I personally would, if I owned a major paper or a fair-sized chain, hire web-savvy people and good programmers with the money I'd be saving from not printing on newsprint, and then I would attempt innovative uses of government databases and other editorial resources, hire back investigative reporters and work to take breaking news back from the TV stations (the web is an instant publishing medium, ya know).

All of it designed to boost page views, on which ad revenue is based.

I would also pay the going rate to find and hire a genius to create the best interactive ad agency in the country, which would serve as my site's ad department and would also generate revenue by creating kick-butt digital ads for clients who are now throwing away good money on the digital crap all the other agencies are passing off these days.

Trouble is, the big paper owners don't know how to either compete or innovate. Their strong suit is lobbying for the right to ignore anti-trust laws - which is why three-quarters of America's newspapers disappeared in the '80s and '90s.
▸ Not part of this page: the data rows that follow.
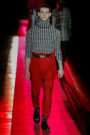 “I’m always attracted to the elegant man, but I’m always kind of a mess,” said Haider Ackermann backstage ato WWD after his his wild patchwork of a show. The collection had a punk feel, with magnified houndstooth fabrics patchworked with black leather for vests and jackets; a long, dark red military style coat, and plaid, checked or striped trousers, some with tartan tops knotted around the waist. Velvet played a starring role, patched together with leather or wool for a jacket or adorned with devoré fabric with ragged edges or more houndstooth checks.
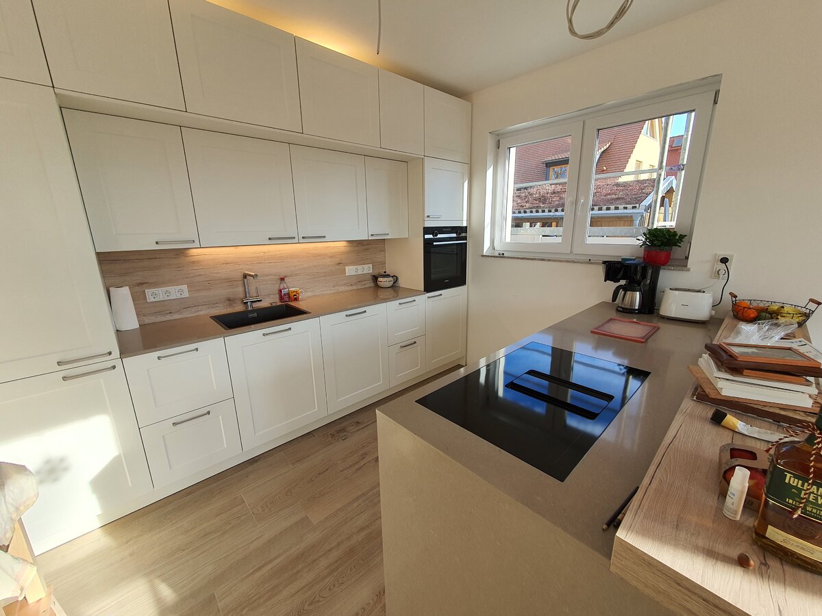 Das Licht über der Küche ist nur ein Testaufbau. Da kommt später ein Hue Led Band hin und dahinter 3 E27 Hue Leuchtmittel. Damit sind dann verschieden Farbige Lichtstimmungen möglich.
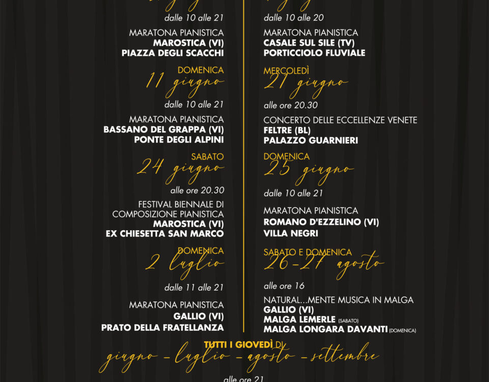 Gli allievi della Symphoniae suoneranno con il M° Luigi Ferro, in particolare: Domenica 11 giugno dalle ore 10 alle 21 sul Ponte degli Alpini a Bassano […]
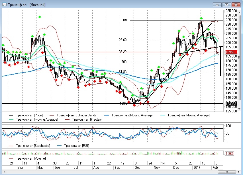 Итак, акции «Транснефти-ап» уже вернулись к уровню 189100 рублей. Рост с уровня 132600 до 225000 рублей, уже скорректирован на 38,2%. На текущих рубежах котировки нащупали поддержку как в лице медленной скользящей средней ЕМА100 на днях, так и в лице ЕМА21 на неделях. Прорыв уровня 185-185,5 тыс. рублей вниз даст толчок к новым продажам, которые могут привести бумаги в район в район 165-168 тыс. рублей.
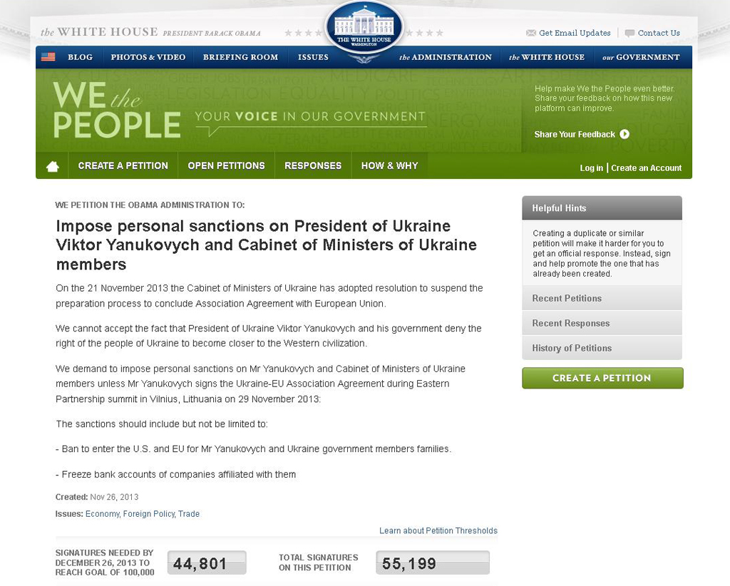 Петицію, в якій міститься прохання до адміністрації президента США запровадити санкції проти президента України Віктора Януковича за відмову від підписання Угоди про асоціацію з ЄС протягом дня підписало вже майже 56 тисячі людей.
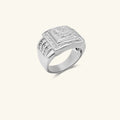 The Magistrum Men’s Diamond Ring features a bold square cluster framed with shimmering diamonds, set on a wide silver band. A powerful symbol of prestige and sophistication.
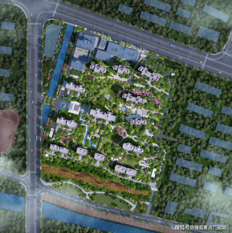小区整体布局,采用南低北高的分布极大的保证采光和视野的通透性。
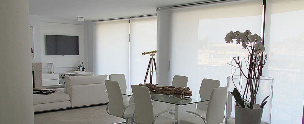 4.Si el espacio decorado es reducido, cortinas simples como enrollables, estores plegables o pacchettos, cortina tradicional o venecianas, siempre en colores lisos y neutros.
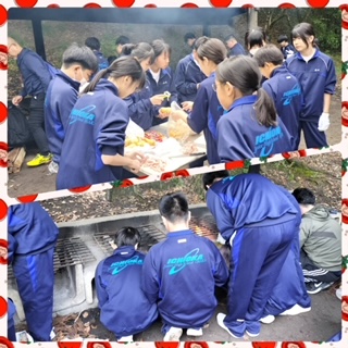 かまど係も具材係も協力して、カレー作りに励んでいます。
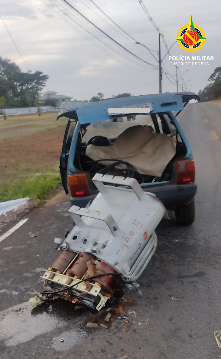 A PMDF foi acionada por moradores do Park Way que visualizaram um homem tentando colocar o transformador de energia da rede elétrica dentro do veículo.

Really, the question is, do these guys deserve your help, or are we better off in the long run allowing them to fail through their own bad ideas, so that more nimble and able competitors will take their place at the helm of new journalistic endeavors?

11:56 AM  
Anonymous Anonymous said...

To me, the big question is, where would the added revenue go? I don't particularly want to hear about how the revenue would help save newspapers, because the newspapers of today, with a very few exceptions, aren't worth saving. If publishers would commit to using the money to improve the product, rather than just paying down debt and enriching the owners, that would be a different matter.

12:23 PM  
Anonymous Mike Phillips said...

Alan, you're onto something. I buy some of the household groceries at Kroger. My wife buys the rest -- also at Kroger. When she checks out, she gets coupons on the back of her receipt that correlate to her buying behavior. I get different coupons because I buy different stuff. We're both happy, and so are the marketers at Kroger. Ultimately, your tool would let digital news organizations transcend mass advertising and make money facilitating direct marketing.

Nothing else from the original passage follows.